V - Investigação Empírica

ou tratar das culturas agrícolas. Por razões de comodidade da análise, foram considerados pertencentes às famílias nucleares mais próximas.

As fotografias mostradas nas entrevistas encontram-se reproduzidas nas Figuras 2, 3, 4 e 5, e a escolha das espécies - sapo-corredor (Bufo calamita), salamandra-de-pintas- amarelas (Salamandra salamandra), lagarto-de-água (Lacerta schreiberi) e cobra-de- água-de-colar (Natrix natrix) - baseou-se no facto de que estas espécies são comuns na região, e suscitam, em geral, vivas emoções na nossa sociedade ocidental.

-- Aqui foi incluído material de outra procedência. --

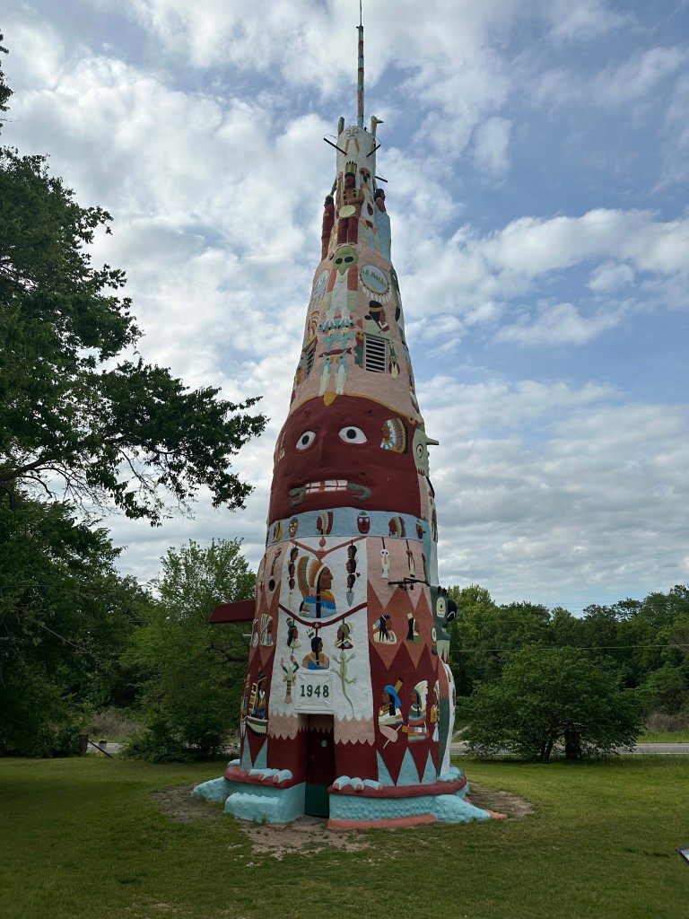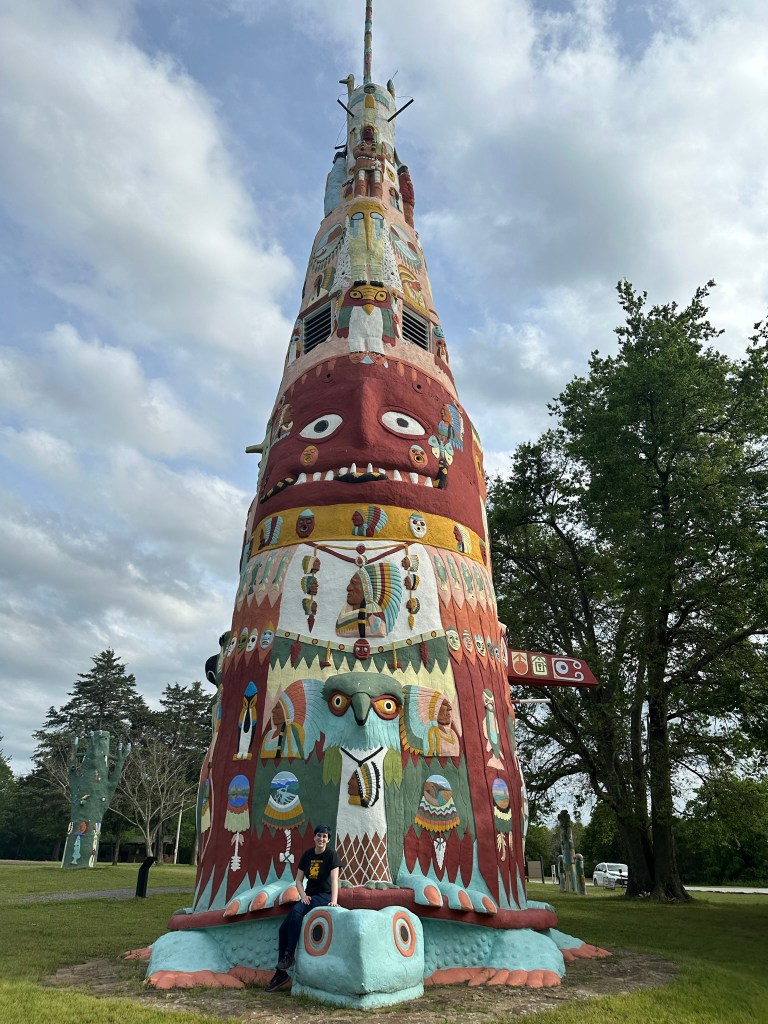 - Looking at the clock we realized it was about 6pm and we still had places to go so back in the minivan and off we go to Ed Galloway’s Totem Pole Park. Everything was closed when we got there but we wandered around and took a few photos. There are eleven objects on the 14 acres as well as a building. We only took pictures of the large totem. It actually was a group effort as one of the neighbors was coming out of their driveway, stopped, and asked us if we’d like our photo’s taken. Thanks again to him!!

Para além da identificação do entrevistado e da recolha de informações relativas à sua idade e ocupação, a entrevista obedeceu genericamente a um pequeno guião, elaborado previamente e baseado nas fotografias das espécies herpetológicas, que consistia nas seguintes questões:

Como se chama este animal? Toda a gente lhe chama assim? Costuma encontrar este animal?

O que faz quando o vê? O que é que sente? Porquê? O que é que estes animais fazem? Porque é que existem? O que devemos fazer em relação a eles?

Tratava-se de um guião de orientação geral, que não foi seguido rigorosamente. As primeiras questões eram repetidas para cada uma das quatro fotografias apresentadas e as últimas referem-se ao conjunto dos animais, sendo feitas no final da entrevista.